Without this level of trust in ensuring confidentiality, there would be no census, and hard to count communities would be missed in greater proportion. But what we do today simply isn’t enough, which is why the creation of a new disclosure avoidance system is crucial. 

The upcoming data releases, like past releases, include demographic breakdowns. The Census Bureau is bound by law (US Code Title 13) to keep individuals safe from re-identintification. This becomes increasingly difficult each decade as the availability of commercial data and computing power, as well as the sophistication of nefarious and other actors, continues to increase.

For 2020, Department of Commerce Secretary Gina Raimondo endorses the Census Bureau’s use of differential privacy to protect individual responses. As discussed in a recent Data & Society paper, “differential privacy allows the Census Bureau to mathematically balance between privacy and data utility.”

Here’s why that’s important.

When information has an underlying dataset much like the census does, every data product reveals a little bit of information about the actual, underlying data. In the case of the census, the data comes from individual census responses, which contain personally identifiable information (PII) such as birth dates and marital status. Research is available that shows census data has been utilized to create address look-up lists and other nefarious tools that reveal our personal information. And commercial actors, including popular social media sites, combine census data with their own and third-party datasets to glean insights and create profiles of Americans. The nefarious actors are not limited to domestic players, either. 

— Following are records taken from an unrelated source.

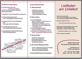 Meistens ist man in der Unfallsituation völlig überfordert und gestresst. Diese beiden Broschüren können Ihnen helfen sich richtig zu verhalten, das heißt auch Ihnen zu Ihrem Recht verhelfen.
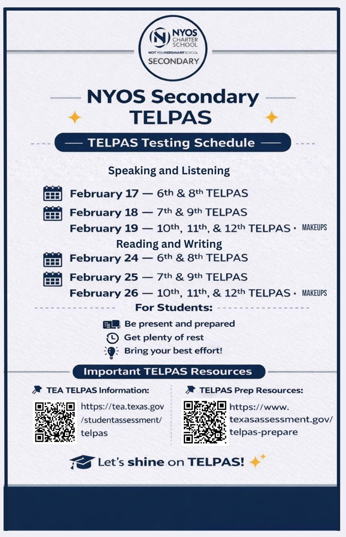 TELPAS Test Remember to continue doing your best, stay confident, and take your time. Every effort counts.Believe in yourself, stay focused, and show how much you have learned this year. Published February 19, 2026 Print
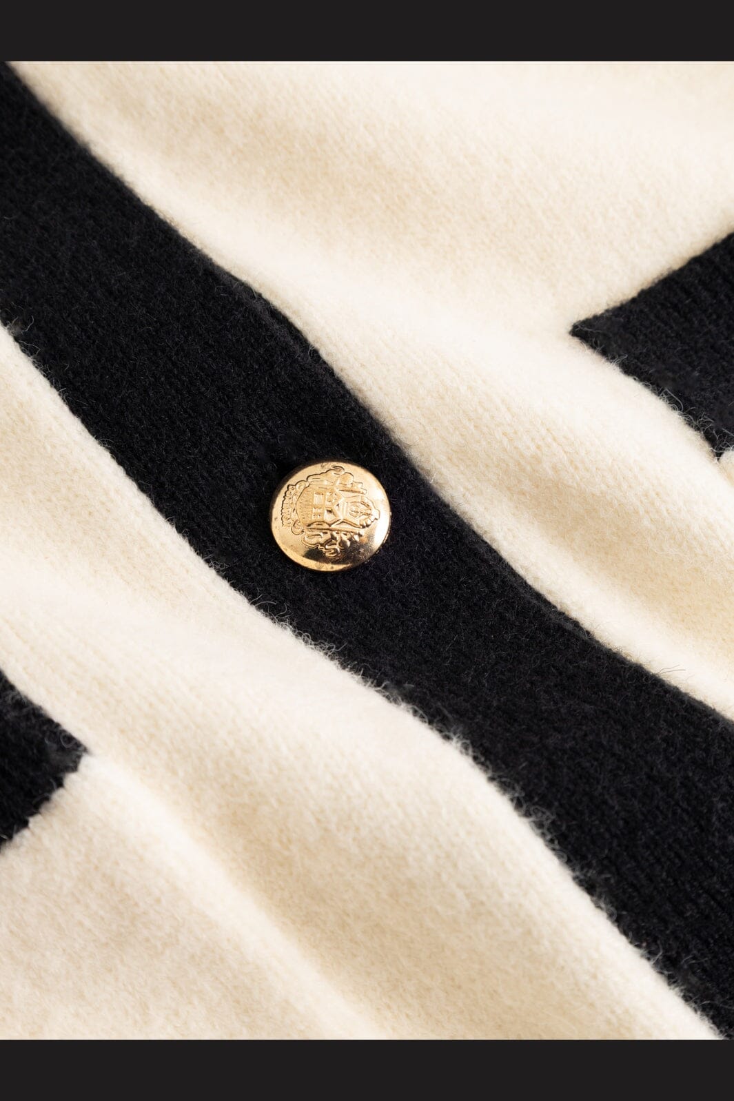 Wit gebreid vest van Noella met V-hals en slim fit-pasvorm. Het vest heeft lange mouwen en zwarte boorden bij de halslijn en de zakken.
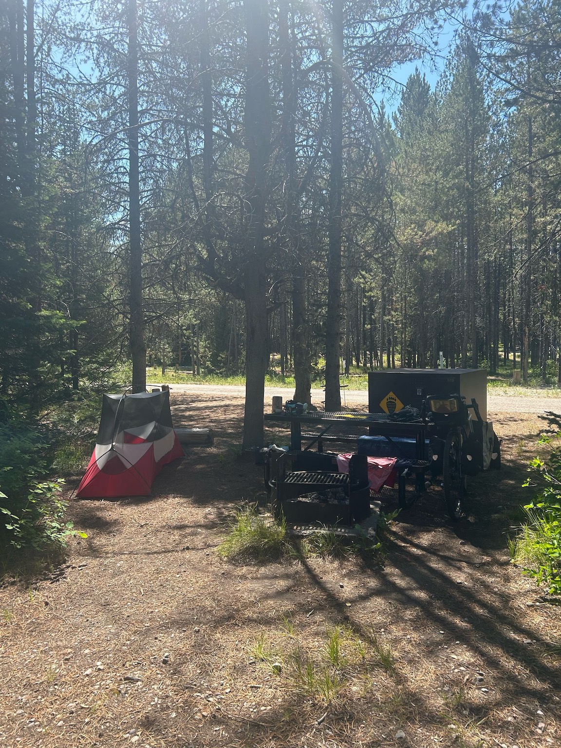 I got to the national park camp at Colter Bay around 2:30. This is a state run park which has designated ‘hiker-biker’ camping which was just as well as the campsite was full. There’s a grocery store here which charges obscene prices for basic stuff but I treated myself to a ham sandwich and milk coffee and a fruit bowl – delicious. The rest of the afternoon took on a familiar routine – tent up, bike sorted, wash and cook an evening meal.
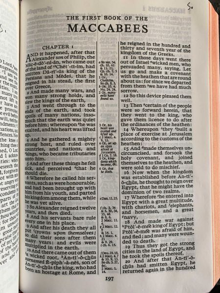At sundown on December 14th, the Jewish holiday Hanukkah will begin and last for eight nights. For all its festiveness, it is a solemn holiday in Judaism that celebrates the Maccabean Revolt, and the reconsecration of the Temple at Jerusalem. Orthodox and Catholic Bibles recount the Revolt in the Book of Maccabees.
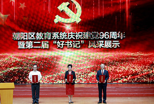 人民網(wǎng)北京6月30日電 (趙英梓)今天,朝陽區(qū)教工委、教委舉辦了朝陽區(qū)教育系統(tǒng)慶祝建黨96周年暨第二屆“好書記”風(fēng)采展示活動。望京實驗學(xué)校黨總支書記黃翔、朝陽區(qū)教育網(wǎng)絡(luò)信息中心黨支部書記和向東、芳草地國際學(xué)校黨總支書記穆英三位書記,獲得了2017朝陽區(qū)教育系統(tǒng)“好書記”榮譽(yù)稱號。
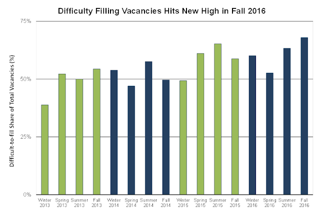 With continued job growth and low unemployment, businesses have also reported more difficulty filling job vacancies In fall 2016, the share of all job openings reported as difficult to fill (68%) hit its highest point in the four-year history of the quarterly job vacancy survey. For more than one-third (37%) of all difficult-to-fill vacancies businesses cited a lack of applicants, compared with 30 percent in fall 2015.
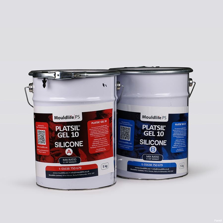 1A:1B (by weight or volume) platinum-cured silicone systems with 6-minute working and 30-minute demold time. PlatSil Gel10 cures to a Shore A10 hardness, But remember to create prosthetic parts you need to add the Smiths deadener to achieve the gel status.
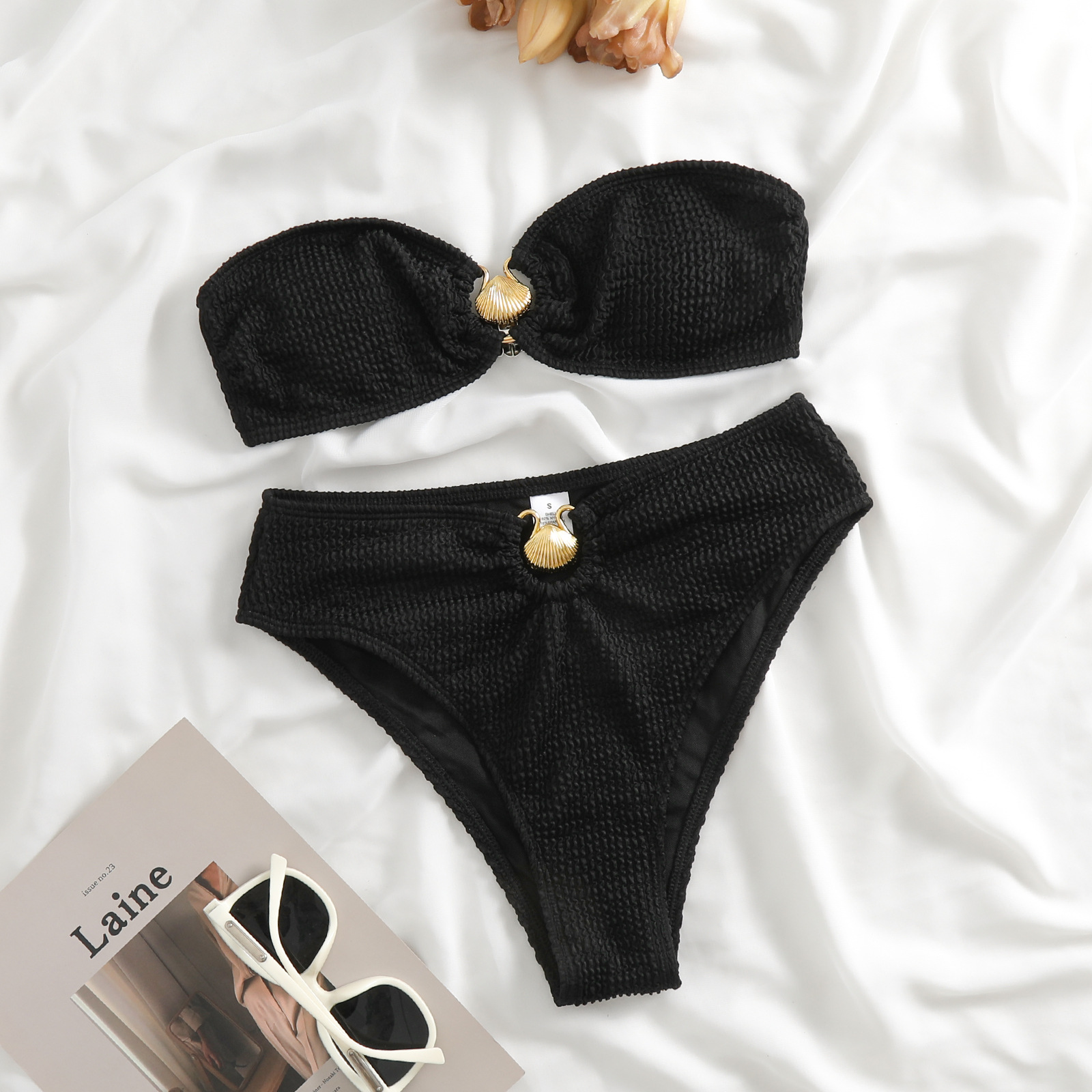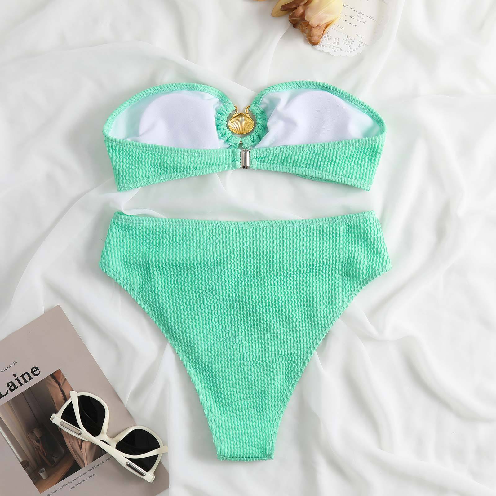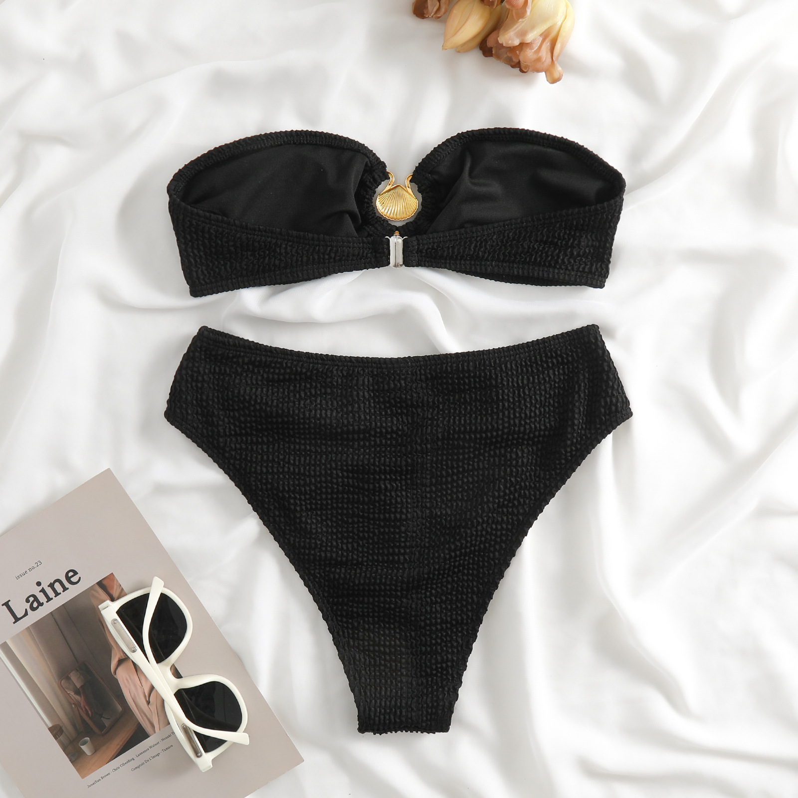 Traje de baño de bikini liso de color contrastante para mujer con estampado de ondas y abertura

Although our census data focuses on the U.S. population, it’s available globally once posted on the Census Bureau website. The byproducts of that data — direct and indirect as well as combining census data with other datasets — are possible and it’s essentially impossible to monitor and track who accesses it. It is a measure of national security to keep census responses confidential. There should not be a roster of our nation available to anyone that wants it — friend or foe, foreign or domestic — but there is potential for one and it’s why a robust disclosure avoidance system is so important. 

How did the Census Bureau decide on using differential privacy? In preparing for 2020, it conducted an experiment. Using a subset of the 2010 data products, Census staff tried to see if they could reveal the underlying dataset.

What they found was jarring. Information on individual census responses was discoverable for 52 million Americans — and that may be the tip of the iceberg. Some external analysts estimate a re-identification risk for nearly 80 percent of the population.

More than 50 percent of the population has a unique combination of age, sex, race and hispanic origin. The more unique people are, the easier they are to match to third party data. In addition, individual risk is exasperated by small geographic units. Census blocks, the smallest geographic unit, average a few hundred people. However, my calculations of raw census data revealed 1.9 million of the nearly 7 million census blocks contain fewer than ten people. If census data is highly accurate at the block level, the people living in these small blocks are extraordinarily easy to identify.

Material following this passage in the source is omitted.